Sunlight and Cancer: Testing the Vitamin D Hypothesis
The beaches will be packed this Fourth of July weekend, and dermatologists can only hope that people will wear sunscreen and avoid the sunburns that increase the risk of skin cancer later in life.
While the ultraviolet radiation in sunlight can harm skin, it also stimulates the production of vitamin D, and some researchers are now investigating whether vitamin D may have a role in preventing or treating cancer.
The hypothesis that vitamin D may reduce cancer risk is based in part on studies showing that vitamin D deficiency is associated with an increased prevalence of cancer, and on evidence that vitamin D, when converted into a hormone, promotes the normal growth of cells and has anticancer properties.
"Many pharmaceutical companies are interested in developing the vitamin D hormone or analogues for use in cancer treatment," says Dr. Anthony Norman of the University of California, Riverside, who is a leader of the Vitamin D Workshop, a group of researchers that meets every 3 years.
The group cosponsored a 3-day meeting on vitamin D and cancer at NCI last November, where participants stressed the need for a new analysis of all of the studies, both positive and negative, on vitamin D and cancer risk.

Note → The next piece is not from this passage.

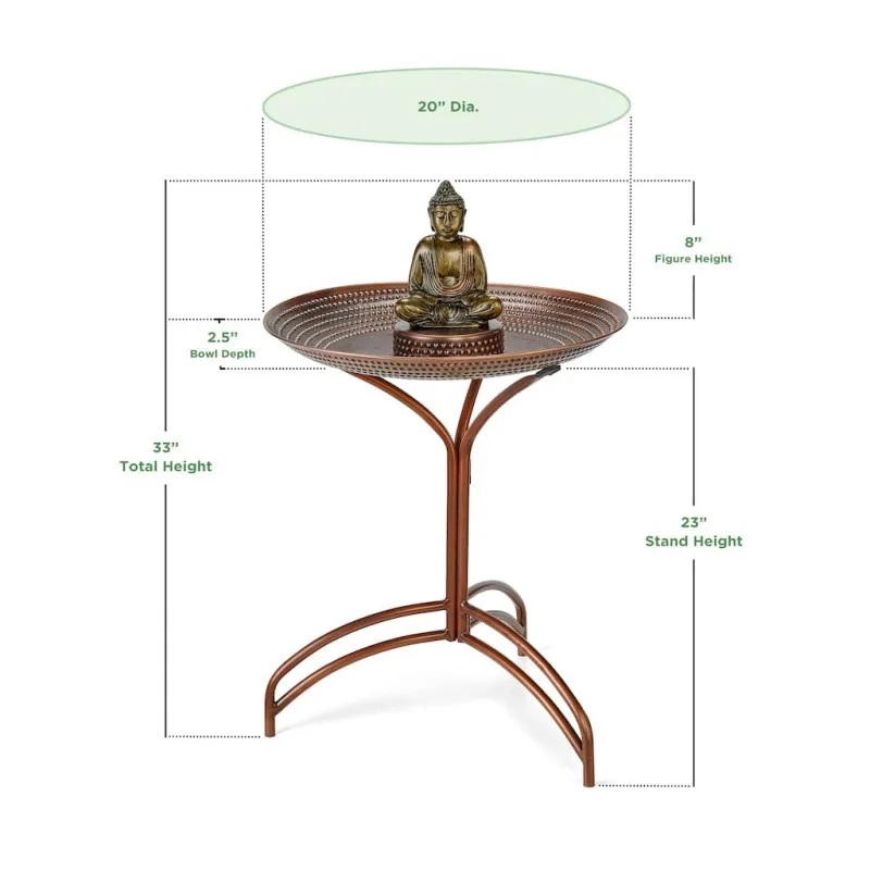 20-inch Copper Bird Bath with Buddha and Stand by Good Directions

A summary paper on the NCI meeting to be published this fall in the Journal of Steroid Biochemistry and Molecular Biology reports that there was general agreement that vitamin D deficiency is associated with a higher prevalence of cancer (and several other diseases), and that the vitamin D hormone can decrease the proliferation of cells and control malignant cell growth.

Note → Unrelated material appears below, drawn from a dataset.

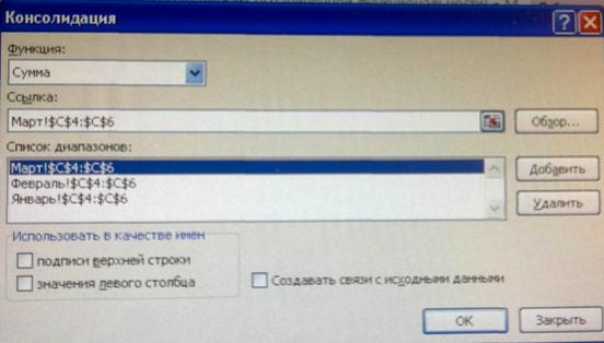 В первом поле данного окна выбирается функция, например «Сумма», во втором – ссылки на области в рабочих листах, которые с помощью кнопки «Добавить» переводятся в поле «Список диапазонов:». Необходимые области для консолидации в рабочих листах можно выделить с помощью мыши, их диапазон автоматически будет заноситься в поле «Ссылка:». Это значительно ускоряет рабочий процесс.
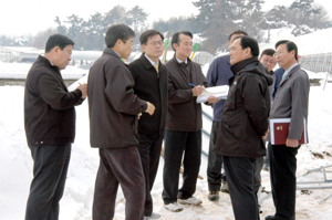 김재수 농촌진흥청장<사진 왼쪽 세번째>은 지난달 29일 폭설로 인해 시설하우스가 붕괴된 충남 당진군 고대면에 위치한 아스파라거스 재배단지와 축사 붕괴 등의 피해를 입은 농가를 직접 방문해 피해현황을 살펴보고 농업인들을 격려<사진>했다.

Most important, perhaps, the participants saw a need for larger studies that could begin to address the many unresolved questions for the field, and they said "academia, public funding agencies, and industry should urgently design appropriate studies to better define the causal relationship between vitamin D nutrition and cancer."
The current information about vitamin D can be confusing. The skin manufactures vitamin D after exposure to ultraviolet radiation, yet dermatologists say that no amount of sun exposure is safe because ultraviolet radiation can cause skin cancer. The amount of vitamin D that might help prevent cancer, if any, is not known.

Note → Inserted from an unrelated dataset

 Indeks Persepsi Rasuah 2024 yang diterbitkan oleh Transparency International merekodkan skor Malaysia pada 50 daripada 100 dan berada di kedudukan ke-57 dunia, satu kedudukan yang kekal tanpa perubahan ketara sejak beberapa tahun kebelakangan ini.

Nor is it known just how much or how little sunlight is needed to replenish stores of vitamin D because the answer varies depending on the season, a person's skin color (the process takes longer for people with darker skin), a person's distance from the equator, and clothing.
"If you want to increase your vitamin D levels, the safest way is to take supplements," says Dr. Sue Ingles of the University of Southern California, who co-authored a new study on sunlight and advanced prostate cancer among men in San Francisco.
The study found that the risk of prostate cancer was reduced by 50 percent in men who had high levels of sun exposure during their lifetimes, compared with men who had low lifetime levels. The study, in the June 15 Cancer Research, included 450 white men with advanced prostate cancer and 455 healthy white men.
"A risk reduction of 50 percent is quite large, given how little is known about what men can do to prevent prostate cancer," says co-author Dr. Esther John of the Northern California Cancer Center. "It will be important to see if other studies replicate these results."
Most of the risk factors for prostate cancer are things that cannot be changed, such as growing older, being African American, and having a family history of the disease. A vitamin D deficiency, on the other hand, may be a modifiable risk factor.
"It would be profoundly important for public health if vitamin D could prevent some prostate cancers," says co-author Dr. Gary G. Schwartz of the Wake Forest University Comprehensive Cancer Center in North Carolina. "Vitamin D is safe, inexpensive, and available, and there's no need to get it from sunlight."
The researchers detected an even greater risk reduction among men in the high-exposure group who had certain forms of a gene involved in regulating vitamin D.
"What's interesting here is that it was the combination of sun exposure and genetic variants that made the difference," says Dr. John. "The field is moving toward trying to understand the combined effects of genetic and nongenetic factors, but you need large studies to detect these effects."
The researchers expect to publish results from larger studies now underway involving more Caucasians, as well as African Americans and Hispanics, in northern and southern California.
In October, the Journal of Steroid Biochemistry and Molecular Biology is slated to publish 25 papers representing the proceedings of the vitamin D/cancer meeting held in November 2004.